Mr Skarlatos said: "Spencer ran a good 10 metres to get to the guy and we didn't know that his gun wasn't working or anything like that.
"Spencer just ran anyway and if anybody would have gotten shot it would have been Spencer for sure and we are very lucky that nobody got killed, especially Spencer."
Mr Sadler added: "I'm just a college student, it's my last year in college, I came to see my friends on my first trip in Europe and we stopped a terrorist, it's kind of crazy."
Mr Norman and the two uninjured Americans were awarded a bravery medal from the local mayor.
The White House also praised their actions as having helped prevent "a far worse tragedy" while a No 10 spokesman said the Prime Minister praised "the extraordinary courage of the passengers who intervened and helped disarm the gunman".
Mr Stone was the first to challenge the gunman and grabbed him by the neck.
Mr Skarlatos told Sky News: "I grabbed the handgun, got the handgun away from the guy and threw it.
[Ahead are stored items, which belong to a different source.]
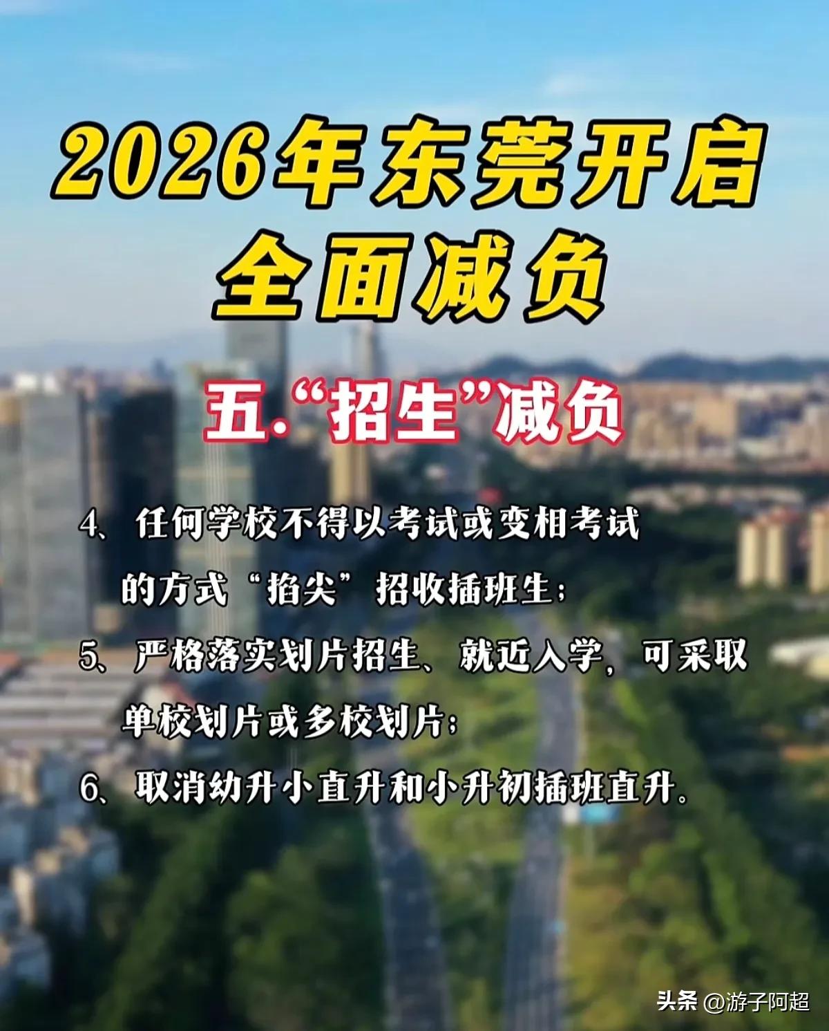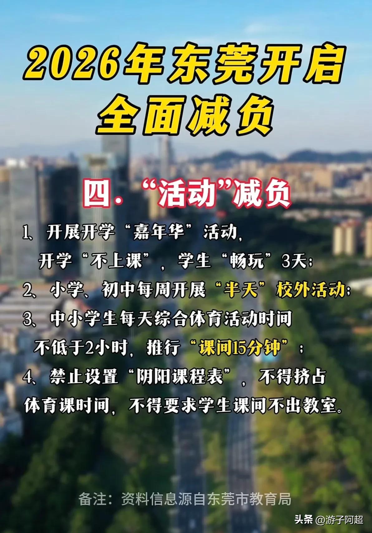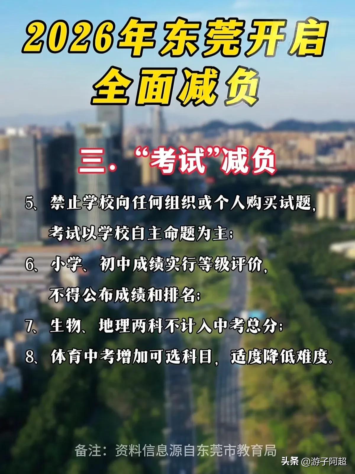2026年春季开学前夕,东莞市开启全面教育减负时代。 东莞市教育局正式发布“阳光心育计划”,并配套实施一系列教育减负新政。围绕“时间管理”、“学业安排”、“考核机制”及“招生政策”等多个维度展开教育减负改革。 相关措施将于今年春季学期就在全市范围内全面铺开,确保政策落地生根、执行到位。此举旨在推动全市中小学生身心素质的均衡发展。 传统教育模式已难以适应现代教育需求,学生及家长群体可能需要一定时间来适应新的教育体系。
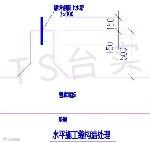 (1)本管廊纵向设置一道水平施工缝,位置在底板往上35cm处。水平施工缝新旧混凝土交接面应清除垃圾;水平施工缝埋设3厚300宽镀锌钢板止水带,钢板止水带须定位牢固,保证止水带预埋线型及高度。镀锌钢板连接采用搭接焊,保证止水效果。
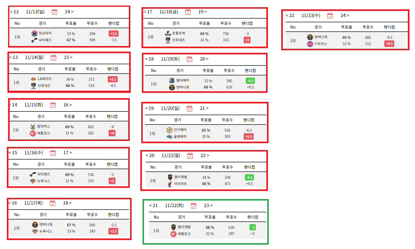 13일부터 어제 23일까지 총  11번의 커버스1위는  10번 부러지고 이틀전   클블VS애틀 경기에서 한번 들어왔습니다

Then I grabbed the AK which was at his feet and started muzzle-thumping him in the head with it.
"Everybody just started beating on the guy while Spencer held the choke hold, until he went unconscious at that point. People started to restrain him."
Mr Skarlatos picked up the AK-47 and checked the other carriages in case there was another gunman.
Mr Skarlatos returned to carriage 12, where it all started, cleared the weapons and put them in a pile.
He told Sky News: "I noticed when I removed the round in the chamber of the AK that the primer had been struck, which means he pulled the trigger on the AK.
"The primer was just faulty, so the gun did not go off, luckily, and he did not know how to fix it, which was also very lucky.
"When I cleared the handgun I also noticed that there was no magazine in it - so he had either dropped it accidentally or did not load it properly. He was only able to get what appeared to be one shot off with the handgun."
Mr Skarlatos had returned from a deployment in Afghanistan in July with the National Guard, his stepmother Karen Skarlatos said.
She described the US passengers who helped as "big, strong, brave guys and they love their country and they are both in the military and they are prepared, and so it doesn't surprise us that they were capable of doing this."
French interior minister Bernard Cazeneuve said the suspect's identity had yet to be confirmed, but it was believed that he had radical Islamist beliefs. A 26-year-old Moroccan man was arrested and anti-terror police are leading the investigation.
French actor Jean-Hugues Anglade, the star of Betty Blue and Nikita, was among the passengers who was lightly wounded breaking glass to sound the alarm.
In an interview with Paris Match magazine Mr Anglade said train staff entered a private cabin and locked it when they heard gunshots, leaving the passengers alone.
He said: "I really could see us all dying because we were all prisoners in that train, it would have been impossible to escape from that nightmare."